Wednesday, June 1, 2016

The Witch Who Came from the Sea (1976)



          First things first: Ignore the advertising materials and the title of this film, which is not in any way fantastic or supernatural. Quite to the contrary, The Witch Who Came from the Sea is the dark and sad story of a woman pushed to violence by a lifetime of mental illness and sexual abuse. While writer Robert Thom and director Matt Cimber deliver so many exploitation elements that their movie is more than a little bit sleazy, they also supply a grim character study based on a rational bit of cause-and-effect psychological theorizing. It’s not as if they break new ground, since every movie of this type lives in the shadow of Alfred Hitchcock’s Psycho (1960), and it’s not as if they delve so deeply and thoughtfully into the nature of killing and sexual dysfunction that The Witch Who Came from the Sea overcomes its grindhouse nature. Topless shots and gory murder scenes abound. Nonetheless, the movie has more substance than one might expect.
          Set at various spots along the Los Angeles coast, primarily a sketchy neighborhood in Venice Beach, the picture stars lanky Millie Perkins as Molly, a twisted young woman preoccupied with her long-lost father. According to her, he was a bold sea captain and he might someday return. According to Molly’s older sister, however, Daddy was an abusive, drunken louse who did the world a favor by disappearing and presumably dying. When she’s not babysitting her nephews or working in a bar, Molly picks up men. Once she’s alone with them, she engages in S&M while drifting in and out of hallucinations/memories of being molested by her father when she was younger. Molly acts out her repressed rage by killing her lovers. As the body count rises, cops discover clues leading them to Molly.
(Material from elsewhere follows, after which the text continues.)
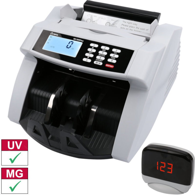Μετρητής χαρτονομισμάτων ανιχνευτής πλαστών χαρτονομισμάτων 2 αισθητήρων με εξωτερική LED οθόνη. Ελέγχει τη γνησιότητα των χαρτονομισμάτων και εμφανίζει το πλήθος τους. Με τη λειτουργία batch ανιχνεύει – καταμετρά προκαθορισμένο ποσό.
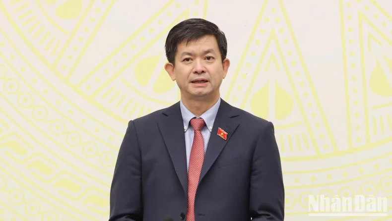 Phó Tổng Thư ký Quốc hội, Phó Chủ nhiệm Ủy ban Pháp luật của Quốc hội Nguyễn Trường Giang phát biểu tại họp báo. (Ảnh: DUY LINH).

         The film’s storytelling is highly problematic on two levels. Firstly, Cimber’s B-movie excesses are so distracting as to be unintentionally campy, as when he trains his camera on the bulging crotches of bodybuilders while Molly watches dudes exercise on Venice’s famous Muscle Beach. Secondly, the way that Cimber weaves in and out of hallucinations makes it difficult to track what’s really happening. Putting the audience inside the leading character’s head is one thing, but creating unhelpful narrative confusion is another. Yet every so often, the filmmakers lock into something interestingly weird, like the supporting character of a tattoo artist named “Jack Dracula.” Plus, the murder vignettes and sexual-abuse flashbacks are genuinely unpleasant to watch. In sum, it’s fair to say there’s a real movie hiding under the grotesque surface of The Witch Who Came from the Sea, but that real movie is so mediocre that most viewers won’t find it worth the trouble of working their way past the tacky stuff.